We are running a trt model with tensorrt_platform on triton inference server. When using the perf_analyzer we see linear increase in latency when we increase batch size:
batch size 1: 49.4 infer/sec, latency 20488 usec
batch size 2: 49.2 infer/sec, latency 41419 usec
batch size 3: 48.6 infer/sec, latency 62209 usec
we also see near-linear increase in latency when we add concurrency:
Concurrency: 1, throughput: 51.4 infer/sec, latency 20192 usec
Concurrency: 2, throughput: 60.4 infer/sec, latency 33602 usec
Concurrency: 3, throughput: 59.8 infer/sec, latency 51003 usec
Concurrency: 4, throughput: 59 infer/sec, latency 68353 usec
I have increased max batch size to 8G, there is no change in outcome.
Model runs batch-agnostic and 10x faster when using torch2trt TRT_Module.
similar issues without (non-generic) answer:
Can tensorrt models be made batch-size agnostic? what about concurrency-agnostic?

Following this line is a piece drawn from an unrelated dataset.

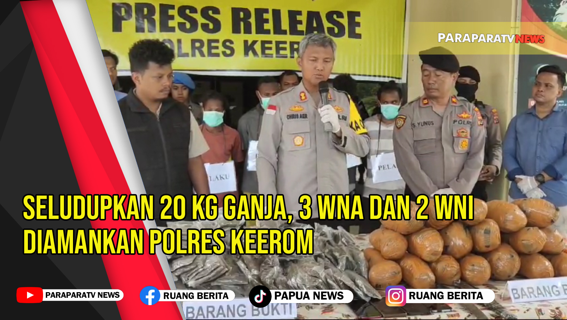 ParaparatvNEWS | VIDEO | Polres Keerom berhasil menangkap lima orang pelaku penyeludup ganja sebanyak 20 kilogram, dari ke lima pelaku tiga orang merupakan warga negara asing asal PNG, rencananya ganja tersebut akan di edarkan di Jayapura.

TensorRT Version: 188.8.131.52
GPU Type: T4 (same issue occurs on V100)
Nvidia Driver Version: 450.119.03
CUDA Version: 11.3
Operating System + Version: Ubuntu 18.04
Container (if container which image + tag): tritonserver:21.05-py3
we are running a auto-encoder model on 360x640 images, cannot share here due to IP
- export model to tensorrt (using onnx2trt or torch2trt - same outcome with both), with dynamic batch size
- use triton tensorrt_plan platform
- run perf_analyzer on trt model